5.7 Method: Concentration of alcohol titration

All equipment was washed with warm water and detergent then sprayed with dilute domestos and rinsed. On top of laid out newspaper, 10mL of the control wine was put into a 250mL volumetric flask using a pipette and the volume was made up to the 250mL mark with distilled water and mixed thoroughly. From this diluted wine, a 20mL aliquot was put in each of three conical flasks. To each flask, a 20mL aliquot of 0.04M potassium dichromate solution was added. 10mL of 40% sulphuric acid was added to each flask using a measuring cylinder and a rubber stopper was inserted loosely into the tops of each and they were then heated in a water bath at about 45-50°C for 10 minutes. After 10 minutes, they were removed from the water bath and 2g of potassium iodide was added to each.
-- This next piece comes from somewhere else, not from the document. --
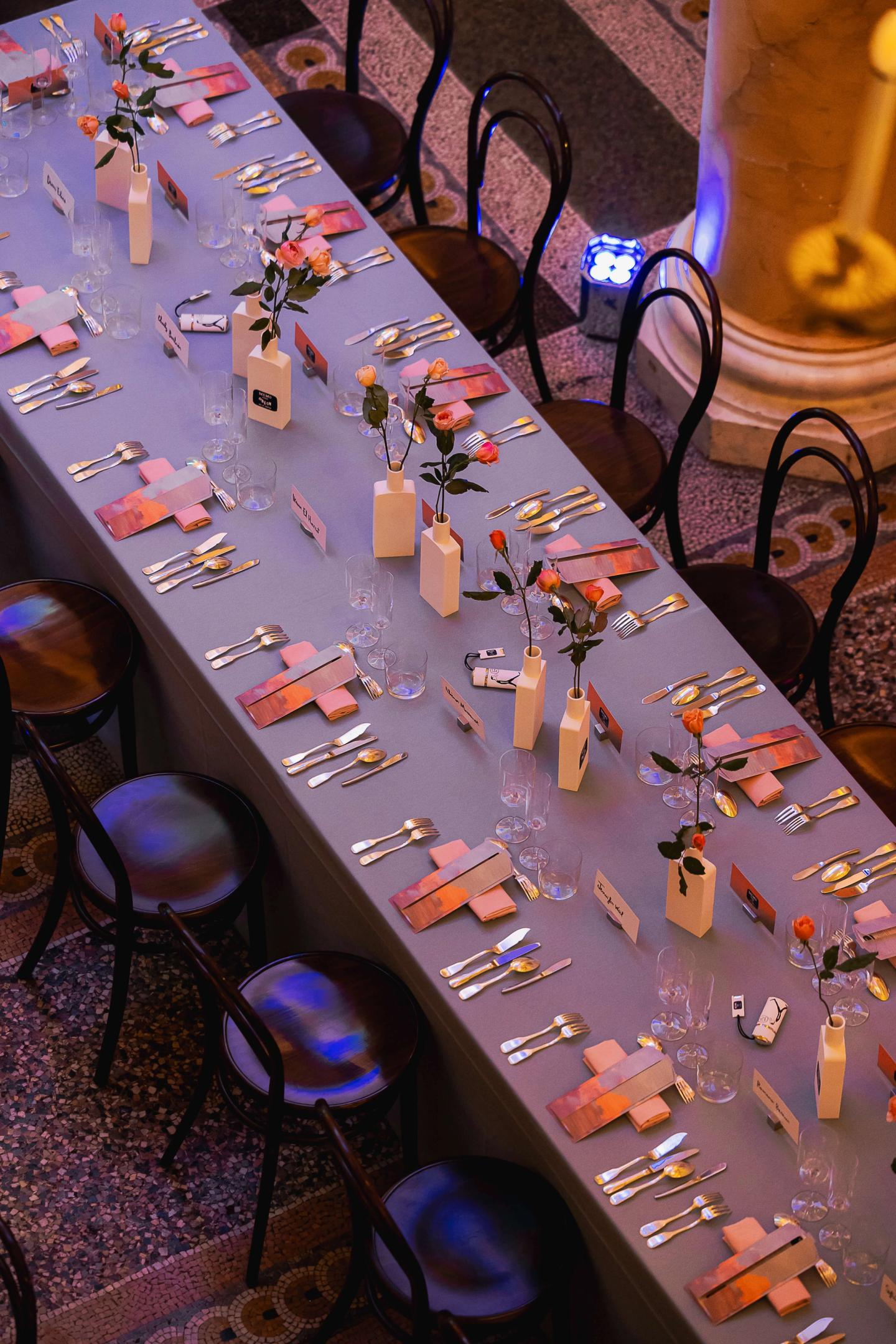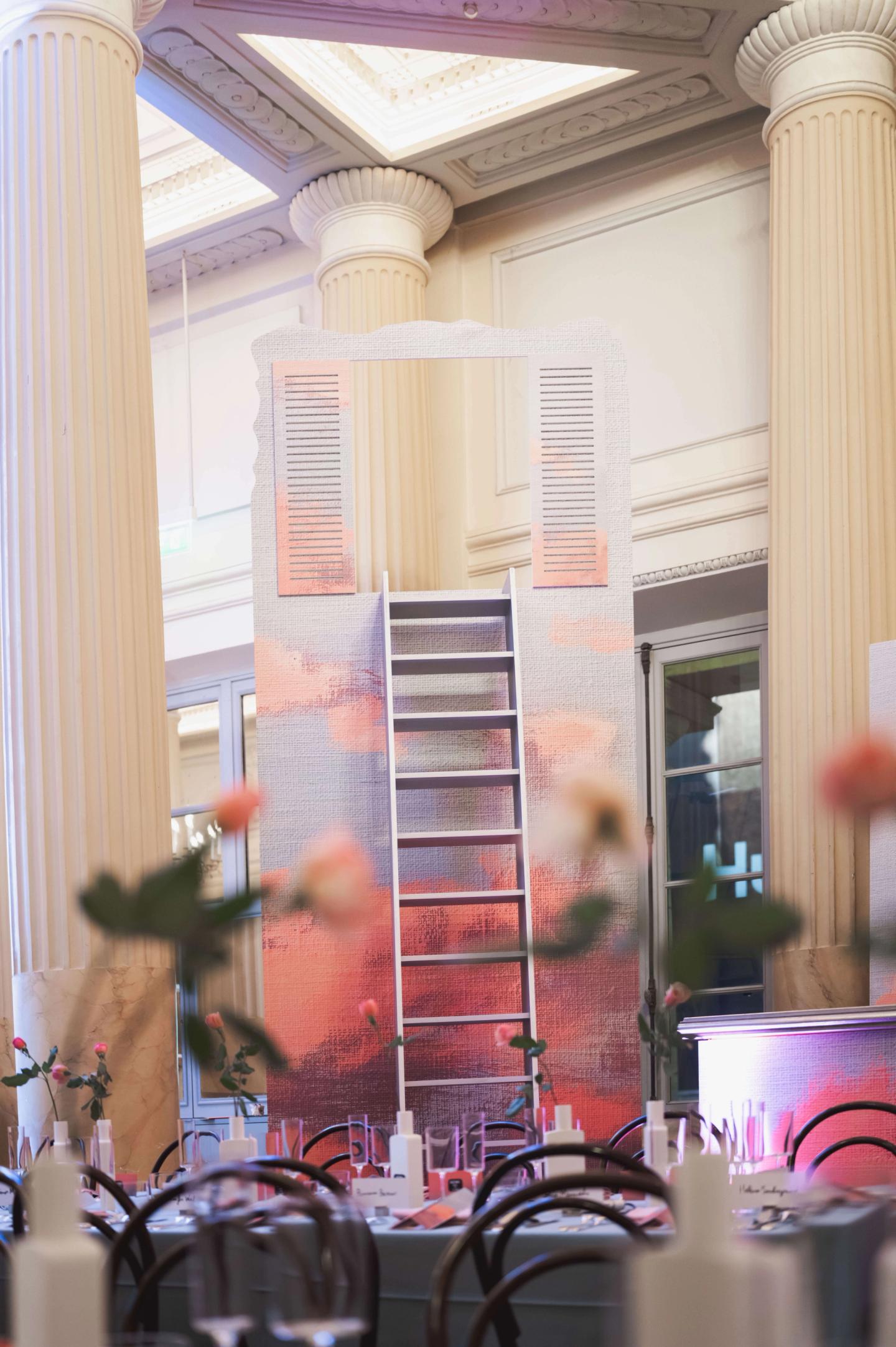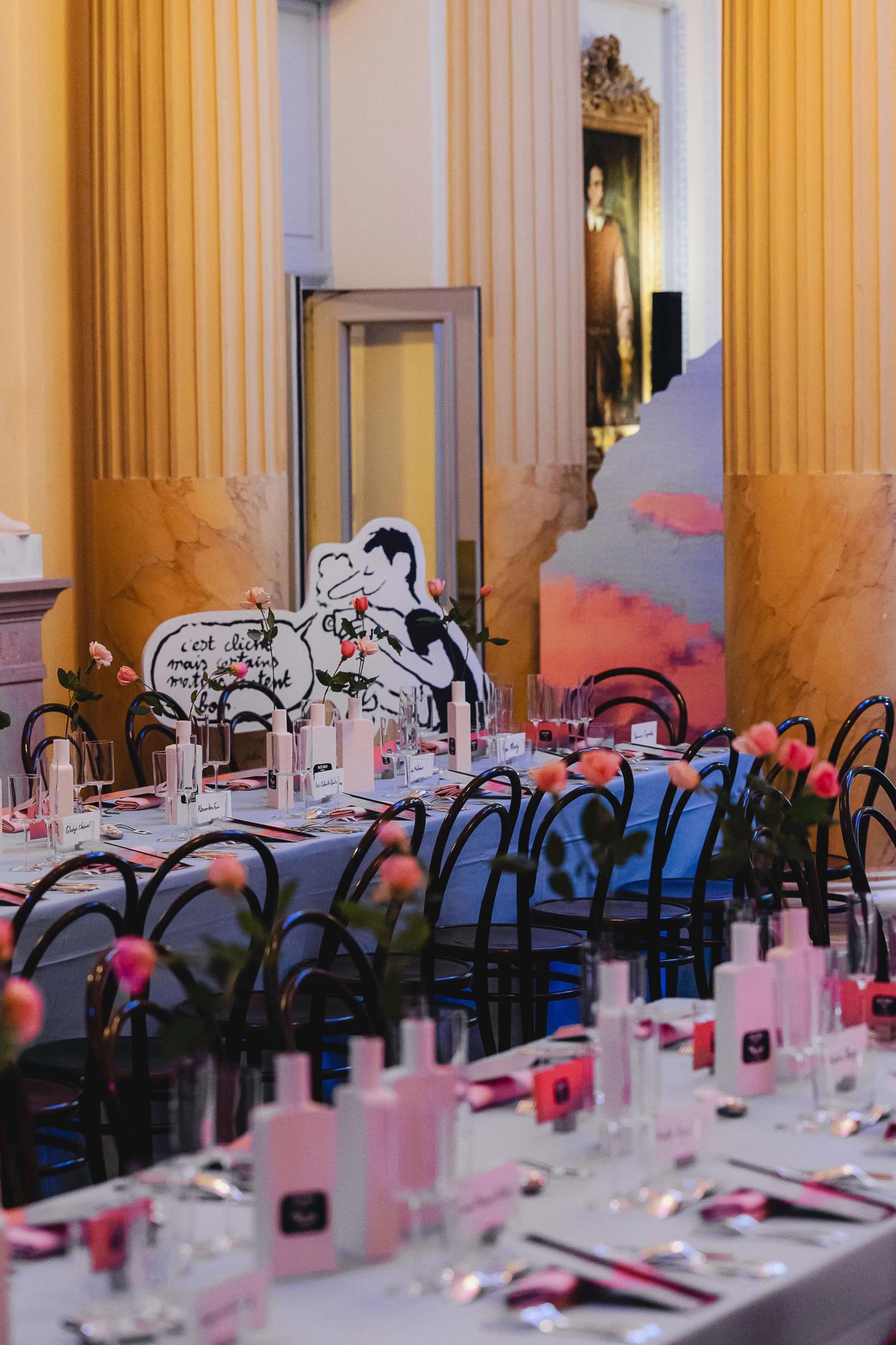 The scenography was conceived as a theatrical set, immersing guests in a dreamlike interpretation of the fragrance’s universe. From the layout of the space to the table elements, every detail contributed to a narrative both playful and refined.
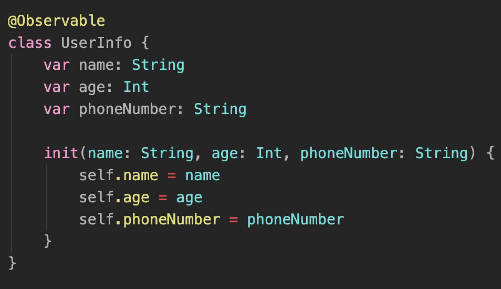 @Observable 매크로를 사용해서 클래스를 정의해준다.

A burette was filled with standard thiosulphate solution and titrated against the contents of one flask and when the initially brown solution formed a green colour 1-2mL of starch solution was added, which turned it blue. More thiosulphate solution was added to the flask from the burette until the equivalence point was reached in which the colour changes from blue to a clear green colour. The final burette reading was recorded and then the other two flasks were titrated using the same method and the burette was refilled before both. From the three results the average was calculated and put into the calculations to discover the concentration of alcohol as the titre value (see appendices 9.5.2).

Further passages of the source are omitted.